▶ [Problem]: Give the lines below again, exactly as they stand, and leave out the images.

▶ [Data segment]:

- Opening Delimiter -

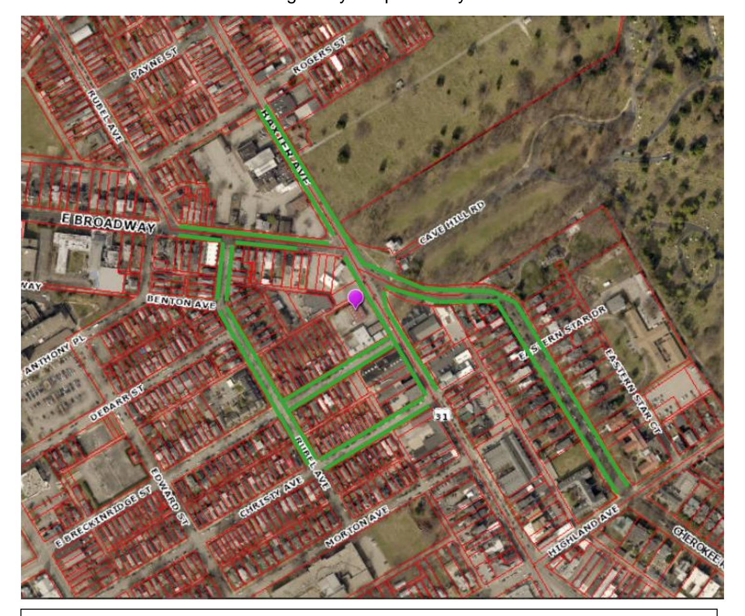
Figure 1. Aerial view of study parameters. Available on street parking spaces were counted on the streets outlined in green. The streets included in this study are within 1000 feet of 800 Baxter Ave. (1) Baxter Ave (Christy Ave to Rogers St); (2) Cherokee Rd (Highland Ave to Broadway); (3) Broadway (Baxter Ave to Rubel St); (4) Rubel St (Broadway to Christy Ave); (5) Christy Ave (Baxter to Rubel); (6) Breckenridge St (Baxter to Rubel).
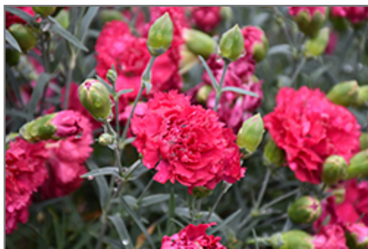
Fruit Punch Cranberry Cocktail Pinks flowers
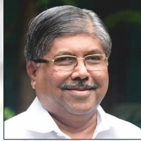
Hon. Shri. Chandrakant Patil Minister, Higher & Technical Education, Government of Maharashtra
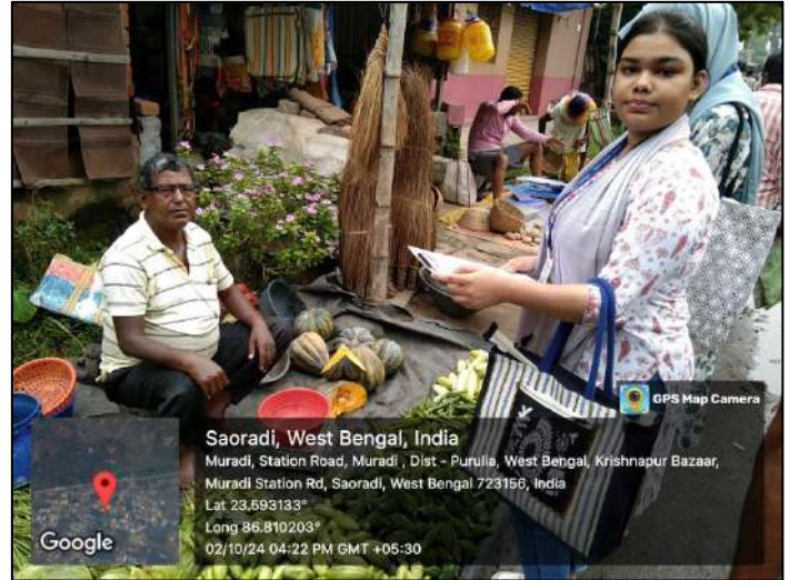
Local Haat Survey

- Closing Delimiter -

▶ [Solution to the problem]:
Figure 1. Aerial view of study parameters. Available on street parking spaces were counted on the streets outlined in green. The streets included in this study are within 1000 feet of 800 Baxter Ave. (1) Baxter Ave (Christy Ave to Rogers St); (2) Cherokee Rd (Highland Ave to Broadway); (3) Broadway (Baxter Ave to Rubel St); (4) Rubel St (Broadway to Christy Ave); (5) Christy Ave (Baxter to Rubel); (6) Breckenridge St (Baxter to Rubel).
Fruit Punch Cranberry Cocktail Pinks flowers
Hon. Shri. Chandrakant Patil Minister, Higher & Technical Education, Government of Maharashtra
Local Haat Survey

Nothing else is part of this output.